Yesterday, I described the uncomfortable feeling I had about how the Bears were going about “improving” the defense. Apparently I wasn’t alone.
Here’s what Steve Rosenbloom at the Chicago Tribune had to say as he urged the Bears to sign defensive end Jared Allen:
“Jared Allen has recorded double-digit sacks in each of the last seven seasons. That’s a right defensive end the way it oughta be.
“The way Julius Peppers used to be.
“The way the Bears need one to be.”
When you are talking about replacing the sacks generated by veterans like Peppers and, potentially, Henry Melton, Allen seems more like the guy conventional wisdom would indicate is needed.

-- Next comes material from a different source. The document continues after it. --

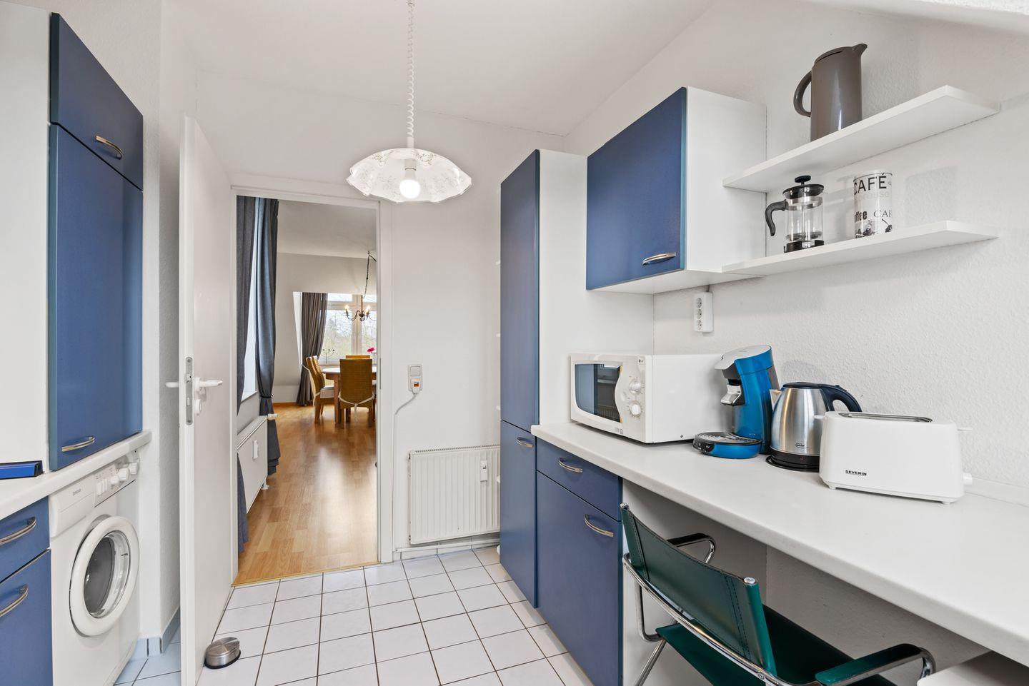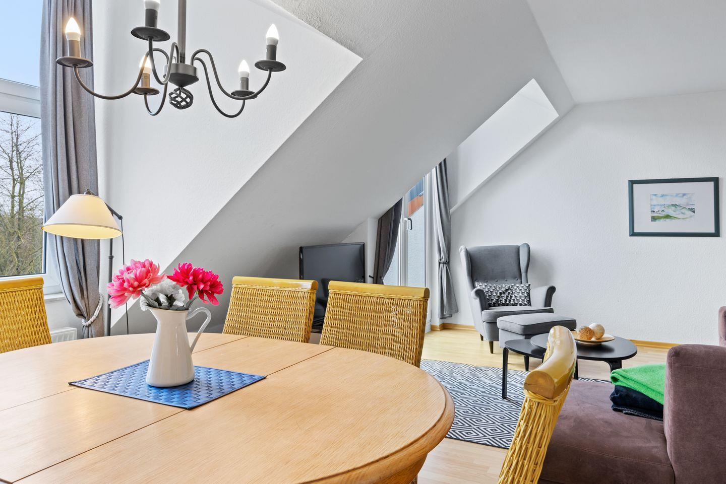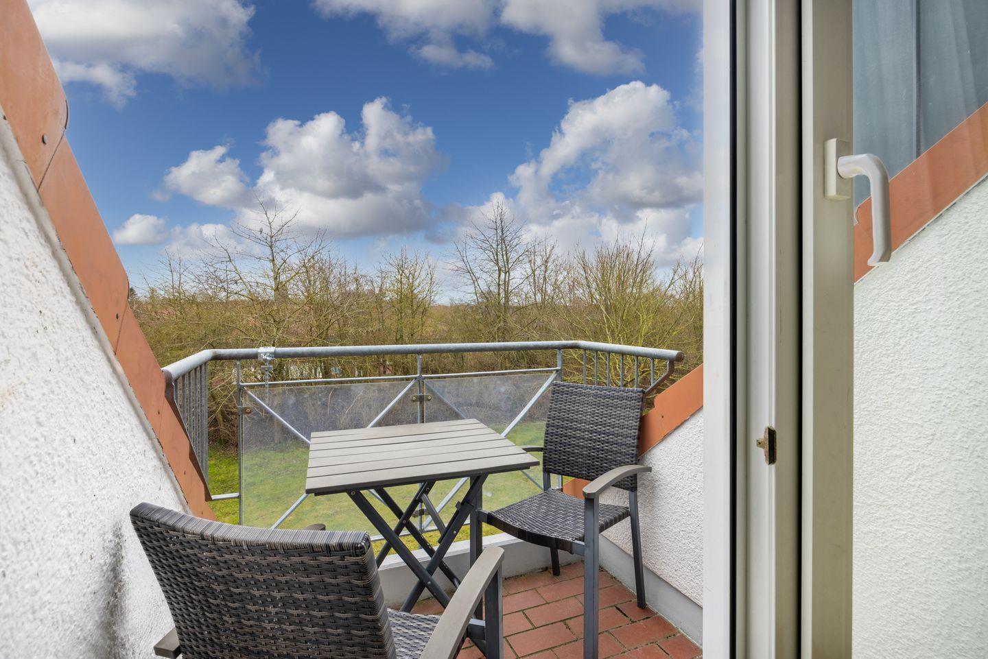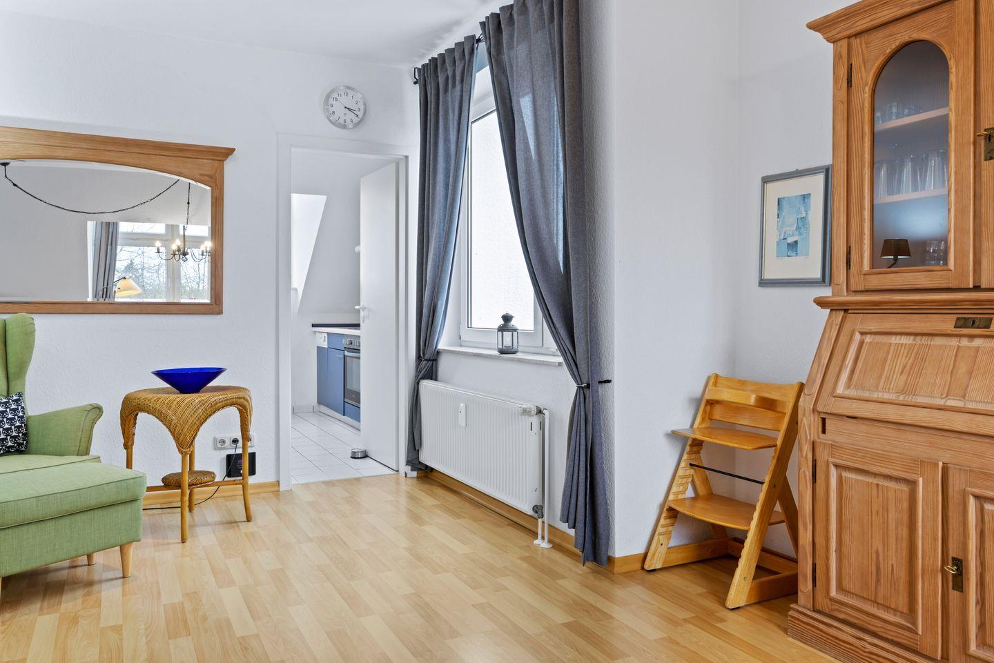 Die Ausstattung der Ferienwohnung ergibt sich weiterhin aus einem kleinen Balkon für zwei Personen, einem Bad mit Dusche und einem Gäste-WC. Das Apartment verfügt über ein Bügeleisen mit Bügelbrett, der Flur und das Wohnzimmer sind mit Laminat ausgelegt.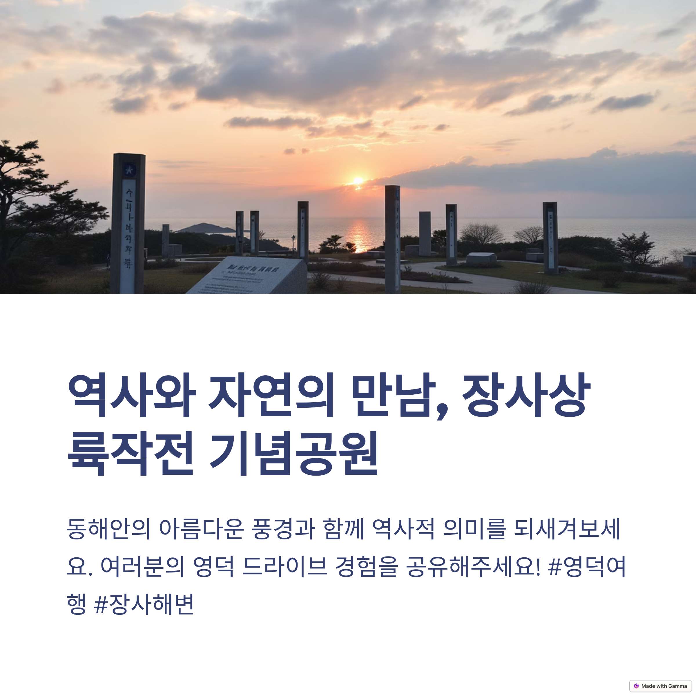 영덕 장사해변 드라이브 코스는 바다와 꽃의 조화로 여행객들에게 매력적인 경험을 제공합니다. 강구파출소에서 시작하여 삼사해상공원, 구계항, 장사해수욕장 등 다양한 자연과 문화를 느낄 수 있는 코스는 드라이브의 재미를 더해 줍니다. 또한, 장사상륙작전 전승기념관을 통해 역사의 의미를 되새기며, 캠핑과 여가 활동을 즐길 수 있는 여유로운 공간이기도 합니다.

The 2013 Bears defense was essentially the same as the 2012 version. There was a lot of talent there. With the new signings by general manager Phil Emery, that talent hasn’t been replaced “by the numbers”.
In thinking about this situation I realized that my uneasiness reminded me of the way I felt after Emery drafted offensive guard Kyle Long and linebacker Jon Bostic last year and defensive end Shea McClellin the year before. Here’s what I said:
“Emery appears drafting by the numbers. Like former Bears head coach Dave Wannstedt in the days when the Bears drafted the likes of John Thierry and Alonzo Spellman, Emery appears to be enamored with measurables that can be derived from workouts rather than what he sees in terms of play on the field. He’s drafting ‘traits’ not football players.”
And it suddenly hit me: what Emery is doing is what he’s done in the draft since he’s been here – he’s projecting future performance based upon “traits” and player development.
What traits is Emery looking for? Here’s what he said about new defensive end Lamarr Houston: (via Melissa Isaacson at espn.com):
“He’s a good pass-rusher. When I looked at him versus the players that we have on our team, his two-year combined total disruptions is higher than anybody on our team. And I know I’ve used that word disruption and there are a lot of variations of what that means …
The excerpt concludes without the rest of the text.